**YOUR GOAL**
From the records below, print exactly the lines starting at the one containing "Deep Red Bridal Gharara Dress 16" and ending at the one containing "Ritratto del pittore", ends included, and nothing else.

**DATASET RECORDS**
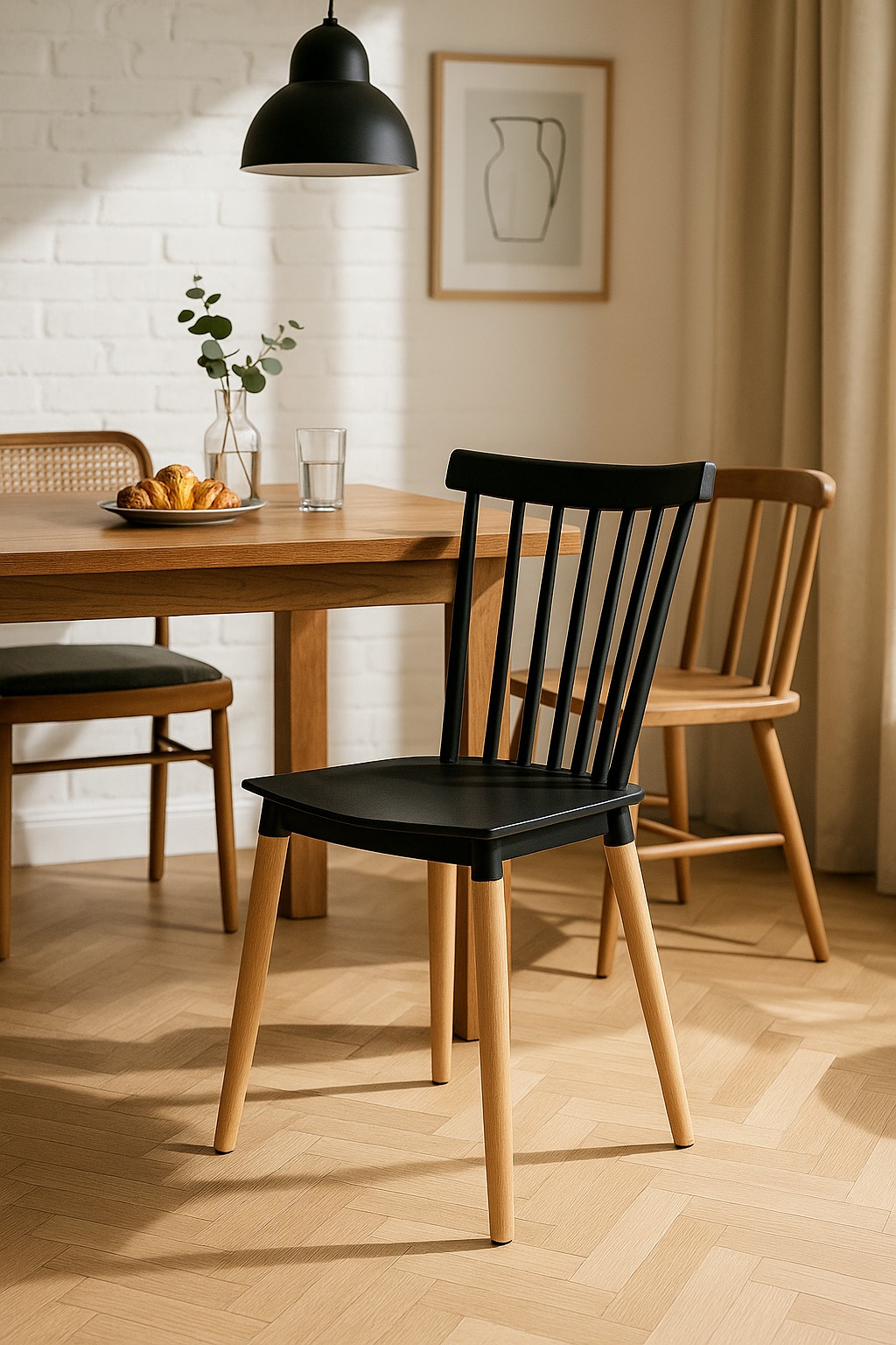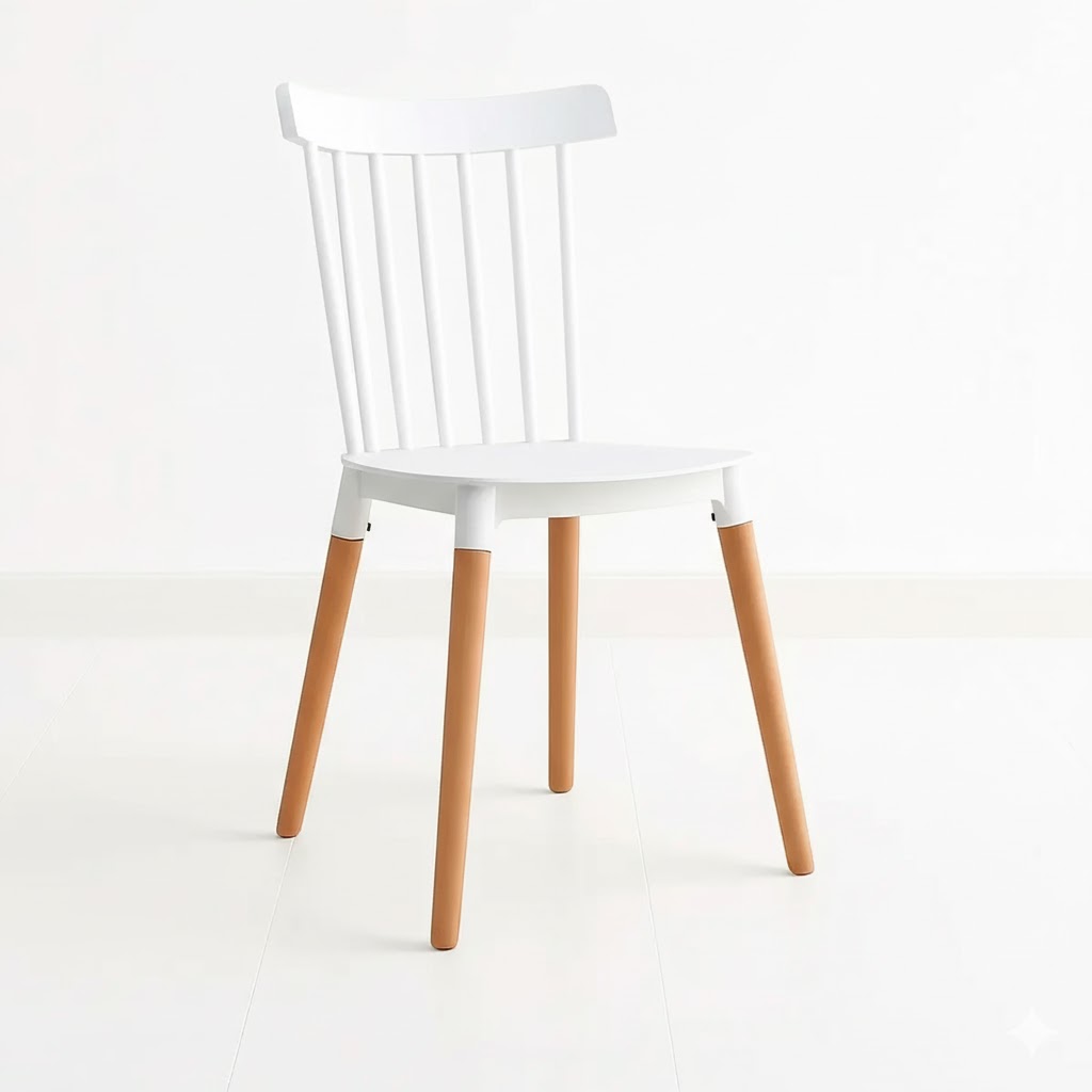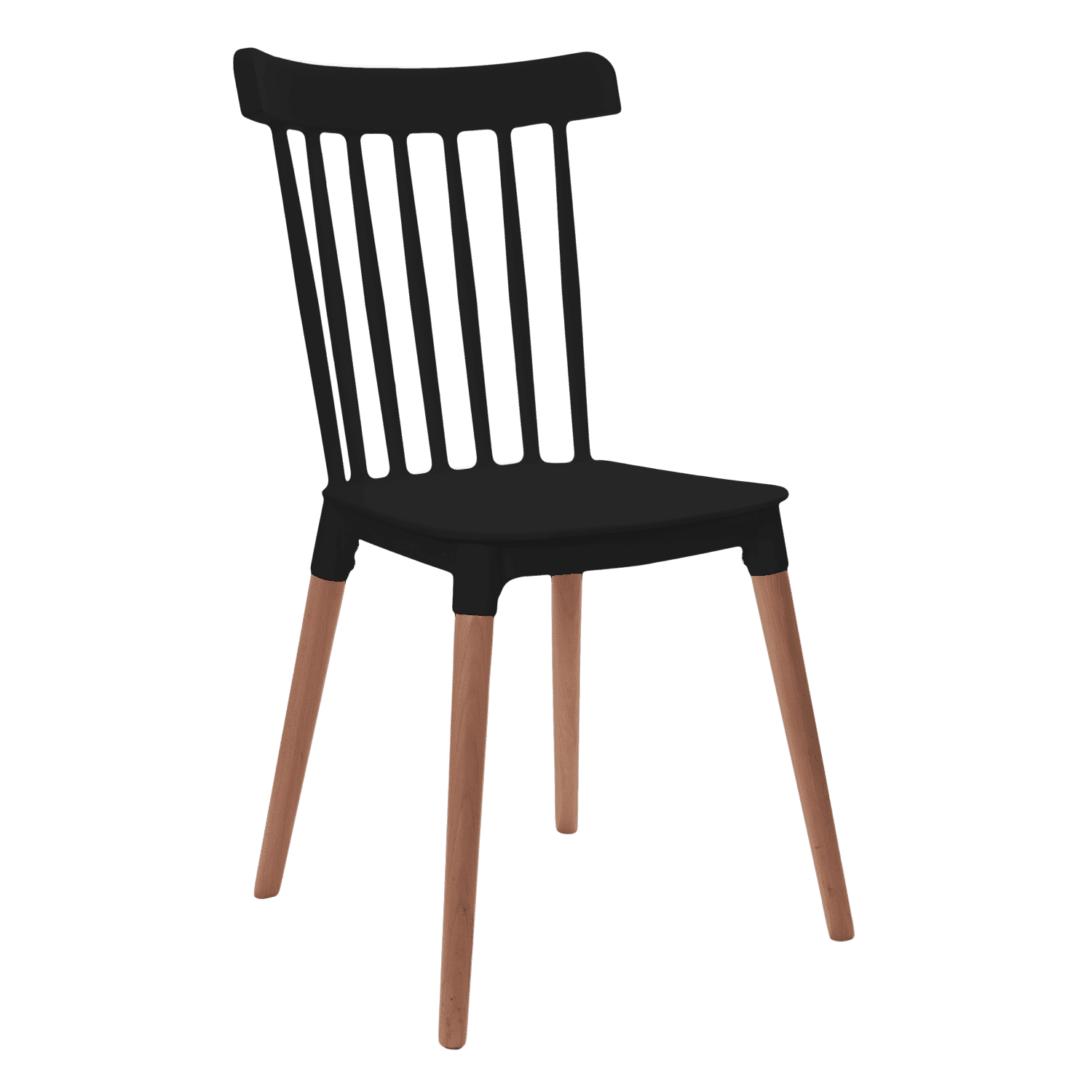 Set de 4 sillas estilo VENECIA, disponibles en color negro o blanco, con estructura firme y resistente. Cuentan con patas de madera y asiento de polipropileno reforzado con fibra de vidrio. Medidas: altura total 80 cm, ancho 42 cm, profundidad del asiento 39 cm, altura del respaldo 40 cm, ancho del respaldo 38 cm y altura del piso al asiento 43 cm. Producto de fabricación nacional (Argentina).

* * *

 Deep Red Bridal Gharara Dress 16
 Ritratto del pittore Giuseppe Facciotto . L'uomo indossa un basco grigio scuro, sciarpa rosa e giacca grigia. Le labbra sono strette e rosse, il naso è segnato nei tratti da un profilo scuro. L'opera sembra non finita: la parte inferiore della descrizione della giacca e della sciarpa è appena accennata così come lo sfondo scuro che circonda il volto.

**YOUR RESPONSE**
 Deep Red Bridal Gharara Dress 16
 Ritratto del pittore Giuseppe Facciotto . L'uomo indossa un basco grigio scuro, sciarpa rosa e giacca grigia. Le labbra sono strette e rosse, il naso è segnato nei tratti da un profilo scuro. L'opera sembra non finita: la parte inferiore della descrizione della giacca e della sciarpa è appena accennata così come lo sfondo scuro che circonda il volto.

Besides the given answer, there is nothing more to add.